Hey @dib4027, it indeed can be a great solution to solving Data Skew but, however, it's important to keep in mind that AQE may not resolve extreme data skews: while it's still good splitting skewed partitions and doing broadcast joins, extreme data skews may cause executor OOM errors, spill-to-disk operation that may be difficult to manage and resolve. In such cases you will need to resolve to Salting and other approaches and do the tuning on your own
Hi, can you please help me why are we considering salt number 3 or4. Is this should be equal to number of shuffle partitions that we have in our data or the distinct values that we have in our dataset.Please explain.
can you show us if salting in aggregations was really worth it ? I'm skeptical that too many shuffles in salting will deteriorate the performance with salting.
Hey @akshaybaura, there will indeed be a performance dip due to shuffles when using Salting, but, without Salting you're at the risk of either: a. Getting OOM (out of memory) errors. b. Your jobs running 5-10x slower because fewer resources (cores and memory) are being used while the others remain underutilised. However, even when using Salting, the performance largely depends on factors like the size of dataset and the correct use of Salt Number.

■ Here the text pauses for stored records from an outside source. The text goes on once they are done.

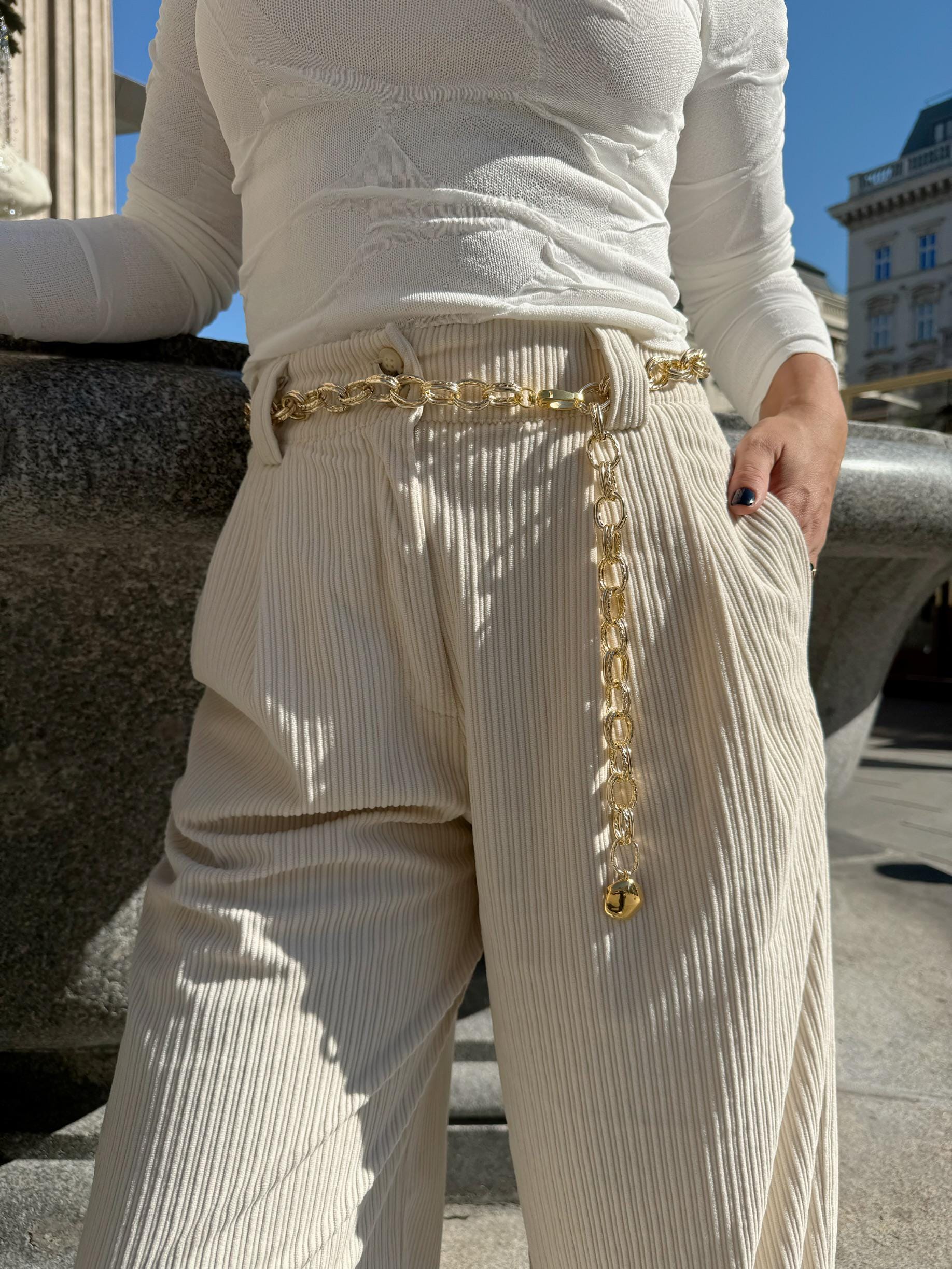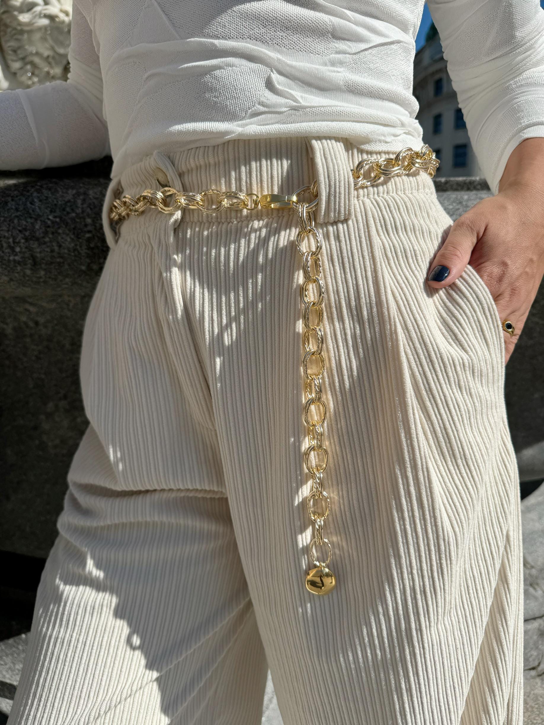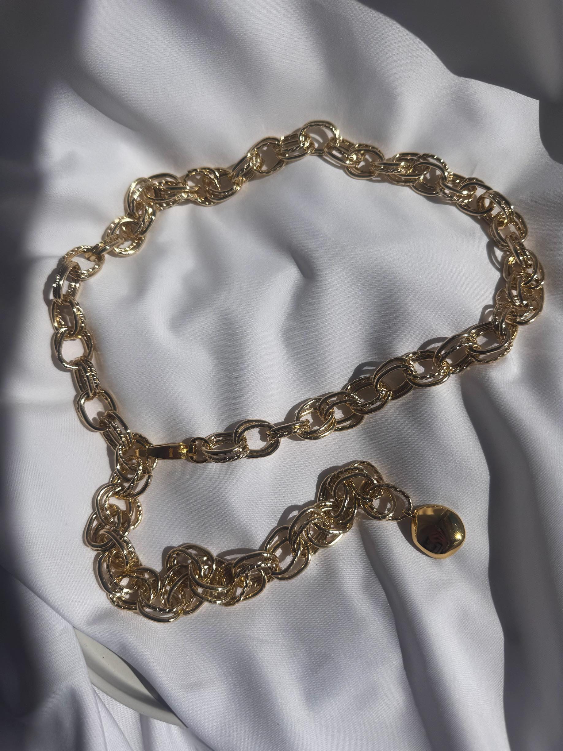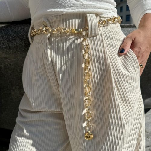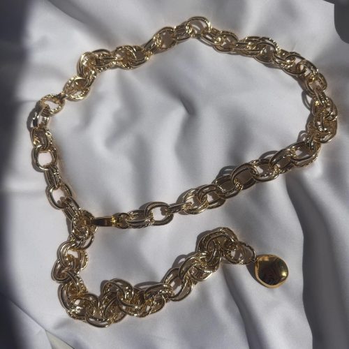 I crafted a new handmade belt using gold-colored aluminum chain adorned with a unique bombe charm, adding a boho flair to this one-of-a-kind piece. The chain design resembles two interconnected loops, creating a truly distinctive final look. The belt chains are used for decoration and they can not fasten pants. (THE DIMENSIONS YOU CHOOSE REFERES TO THE LENGTH OF THE BELT NOT YOUR WAIST SIZE – MEASURE THE POINT YOU D LIKE TO WEAR IT AND ADD 15-20 CM FOR THE SIZE YOU SHOULD SELECT AND LOOK LIKE THE STYLE OF THE PHOTO)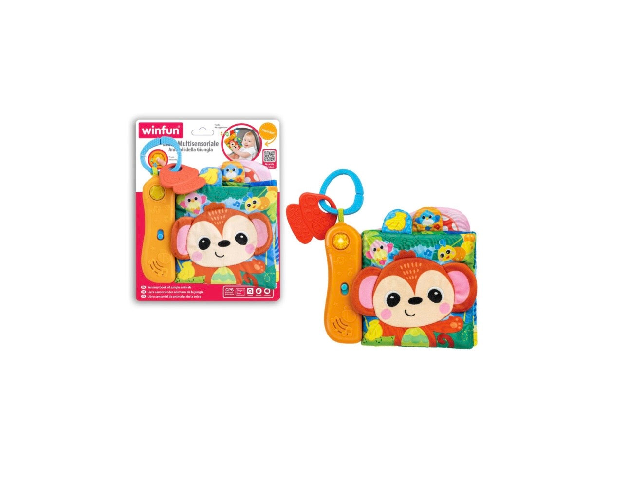 Avviciniamo alla lettura i bambini sin da piccoli, attraverso la conoscenza dei primi libri tattili. Il formato di stoffa rendono i libri adatti ai piu' piccini sin dai primi mesi di vita; divertiti con il tuo piccolo ad inventare storie fantasiose ed attraverso le sue piccole manine scoprira' nuovi materiali ed oltre allo sviluppo sensoriale attivera' anche la sua immaginazione e stimolazione visiva. Musica divertente libro sensoriale morbido con massaggiagengive strutturato. Pagina peekaboo increspata, specchio sicuro per bambini e squeaker.Premi il pulsante luminoso/uccellino/banana per effetti sonori e melodie. Il facile attacco ad anello si collega al passeggino, alla culla o al seggiolino per auto per un divertimento da portare sempre con se'.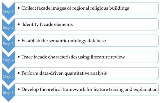 In the study of traditional residential buildings, some scholars have used HOZO to analyze the elements of building facades. For instance, Wang et al. [43] constructed a sample library of facade forms for colonnaded buildings, JIANG et al. [44] built a visual and expandable semantic description system for traditional village residential facades, Chen et al. [45] established a prototype library for the facade forms of historic residential and commercial buildings, and SUN et al. [46] developed a database of architectural facade elements for traditional commercial streets in southern and western Anhui. However, these studies are limited to analyzing facade element characteristics and constructing semantic ontology systems, lacking literature tracing or quantitative data analysis of samples. To establish a semantic system database for religious building facades with regional characteristics, the first step is to collect images of the facades from two temples and three Taoist monasteries within the study area. Unlike semantic analysis of modern building facades, due to the long historical span, low preservation levels, and complexity of ancient building structures or paintings, automated recognition of facade elements poses significant challenges. Therefore, to ensure the accuracy of the semantic recognition of facade elements, all facade semantic elements were manually reviewed through literature research [47,48,49,50,51,52], and the semantic ontology database was built using HOZO software. The standout elements from each part were quantitatively analyzed, and the regional characteristics of religious building facades were traced and explained using a literature survey method. Ultimately, a theoretical framework was established that includes a semantic ontology database, quantitative data analysis, and the interpretation of the feature origins. Figure 2 illustrates the investigation and research process of this paper.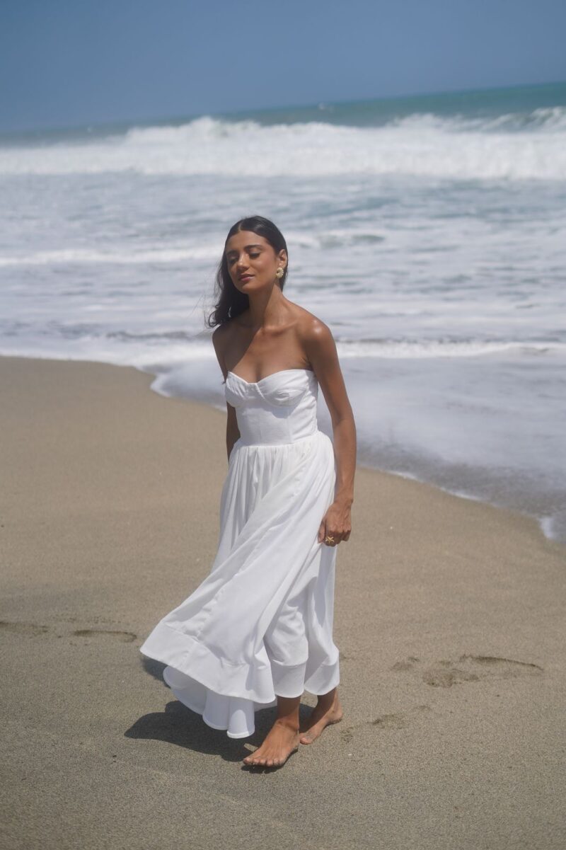 Vestido julio, elaborado en lino , refleja frescura, elegancia y sencillez, escote tipo corset, con cierre en la parte de atras.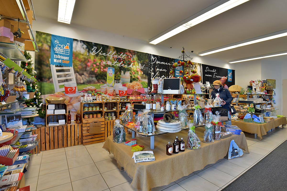 Mehr InformationenDer Thüringer Wald Shop bietet eine Vielfalt regionaler Produkte aus dem Thüringer Wald, die Sie bequem online bestellen können oder Sie besuchen uns vor Ort in Neuhaus am Rennweg. Zum Angebot gehören u. a. Präsentkorb voller Thüringer Köstlichkeiten, Geschenkideen für Thüringen-Liebhaber, Wurstspezialitäten, Nougat, Honig, Biere von regionalen Brauereien, traditionelle Handwerkskunst, Naturkosmetik ...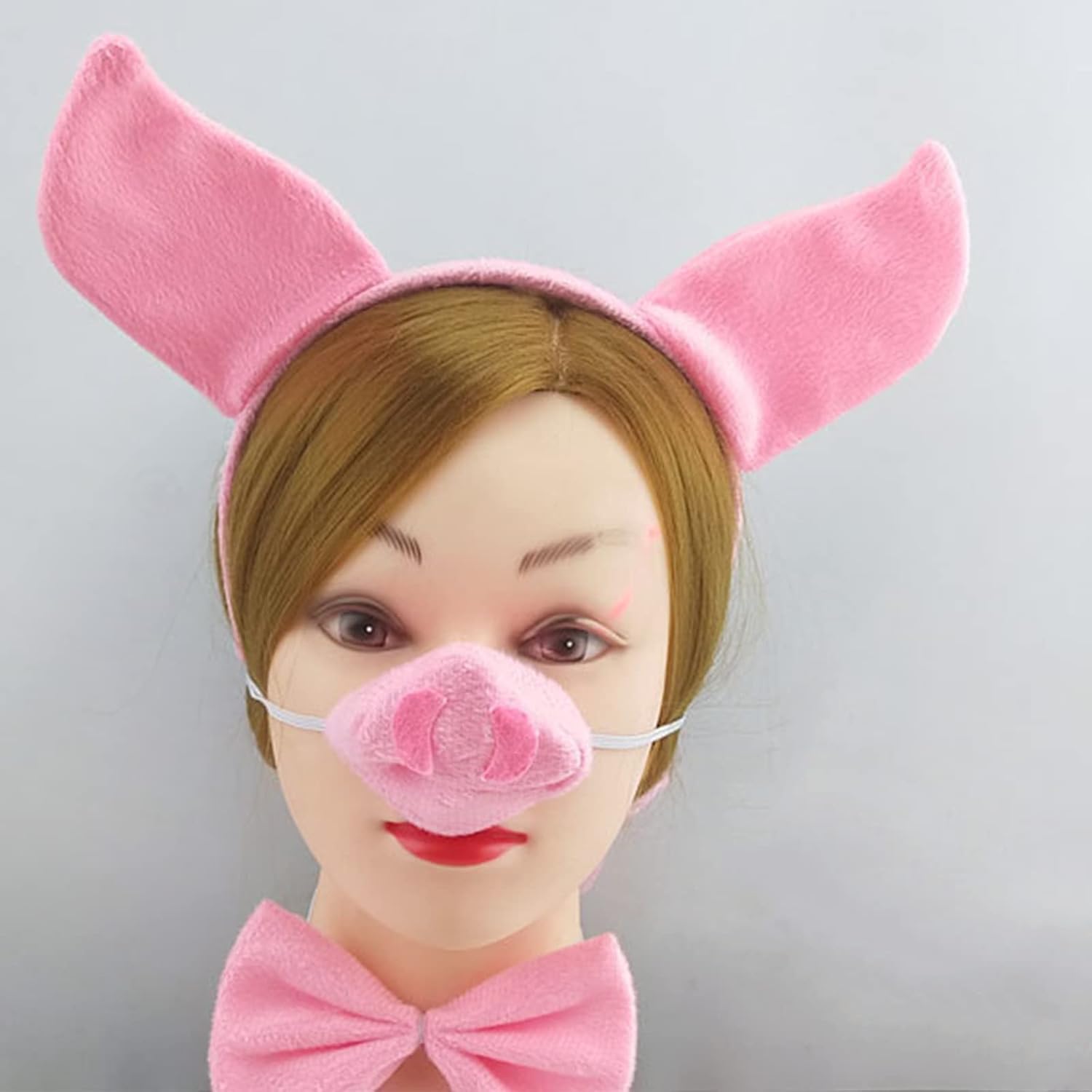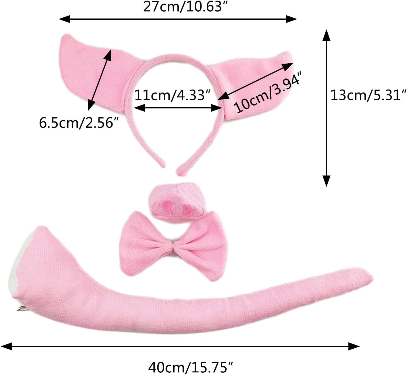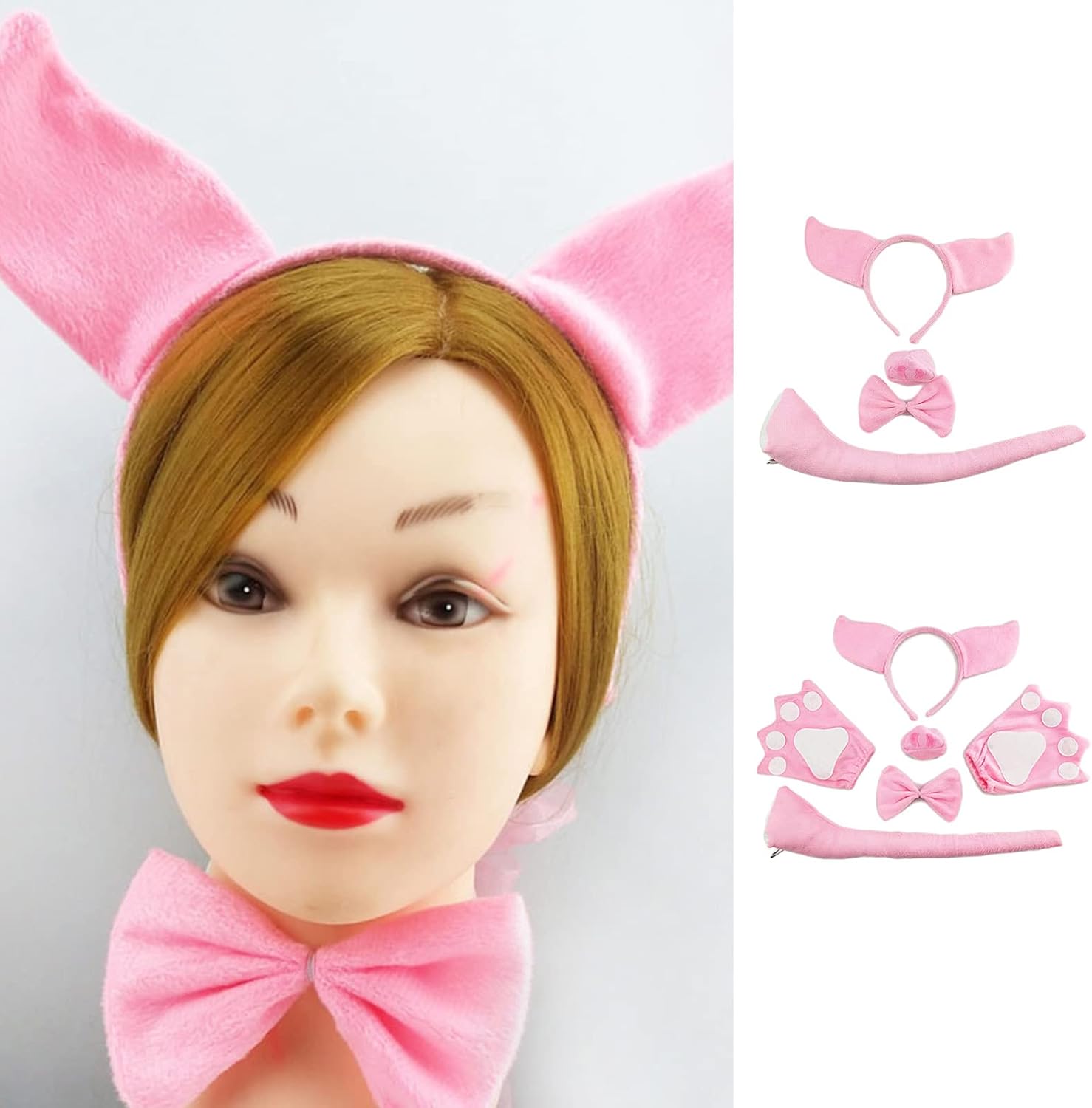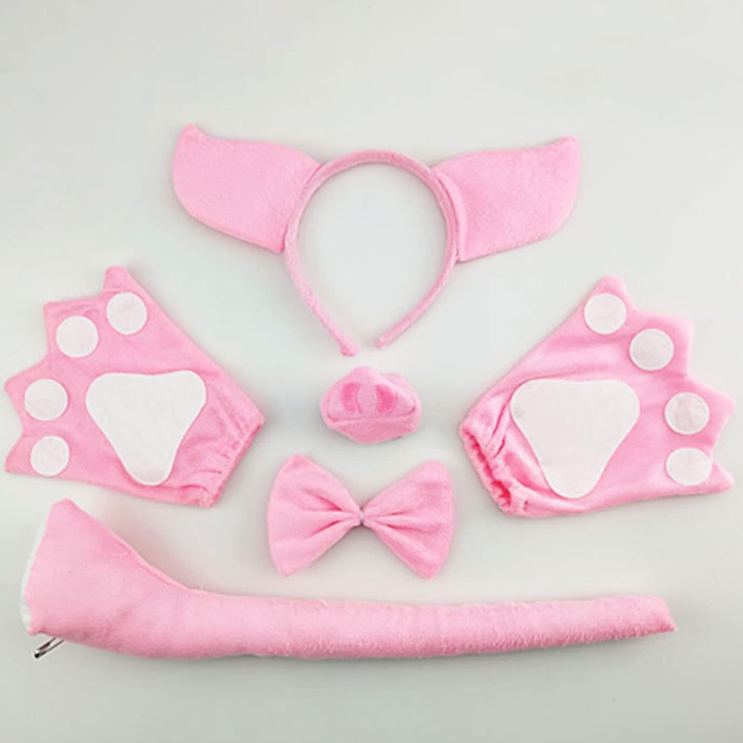Fasce per capelli con animali in peluche orecchie per capelli guanti coda naso papillon cosplay oggetti di scena animali costume di Halloween Caratteristiche: e Costume da maialino dei cartoni animati, poliestere, morbido e resistente, non danneggia il cuoio capelluto o i capelli. Fascia elastica e guanti, sia papillon che naso attaccati con corde elastiche, adatti per la maggior parte delle persone Orecchie, coda, papillon e naso, con guanti a zampa, facile da creare un'atmosfera felice. Ampia applicazione, ideale per varie occasioni, cosplay, compleanni, Natale, Halloween, oggetti di scena fotografici, Ottimo regalo, design a cartoni animati e aspetto delicato per ragazze e bambini. Specifiche tecniche: poliestere. Colore: Diametro della fascia: circa 11 per cm. Lunghezza della coda: circa 40 per cm. La confezione include: 2 Pacchetto (1/2 facoltativo) Il pacchetto 1 include: 1 x fascia + 1 x naso + 1 x papillon + 1 x coda. Il pacchetto 2 include: 1 fascia per capelli, 1 naso, 1 papillon, 1 coda, 1 paio di guanti. Nota: Si prega di considerare un margine di errore di 1-2 cm dovuto alla misurazione manuale. A causa della differenza tra i diversi monitor, l'immagine potrebbe non riflettere esattamente il colore dell'articolo.

@afaqueahmad7117 - Great topic and amazing explanation - Looking forward to learning more from you. One suggestion is to create more videos related to designing idempotent data pipelines, backfilling missed window data, simulating different production failures and how to approach them, coz I see more people are doing interview focused videos. These topics will mentor both entry level and mid level Data engineers to gain confidence in Data Engineering field
Glad you liked the video and the explanation! Really appreciate your feedback. Yes, all of that is in the roadmap, but for the upcoming year. The initial plan is to cover all aspects related to Performance Tuning + Foundations.
Hey @gudiatoka, I wish it was so, but just in case you're referring to AQE as the solution, it isn't always very helpful, so you still need to resort to salting.
@@afaqueahmad7117 yes AQE and partition is useful and in case of larger dataframe when salting key applied to lower df it duplicated records making it more skewed then the concept of salting not valid at least for me...may be it servers different
Hi Afaque, thank you for another great explanation, I have a question, since AQE splits skewed partitions into smaller ones, is salting still useful when AQE is enabled ?
Hi Ahmad, I see that df_skew has 999,990 rows of value = 0 in partition 0 and a df_uniform has 1,000,000 unique values evenly distributed across 3 partitions (ie approx 333,333 in each partition). Can you help me understand how the count 1000005 appeared after the join in @14:42?
Thanks for great content, You should of used Salt bae gesture when you said salting :)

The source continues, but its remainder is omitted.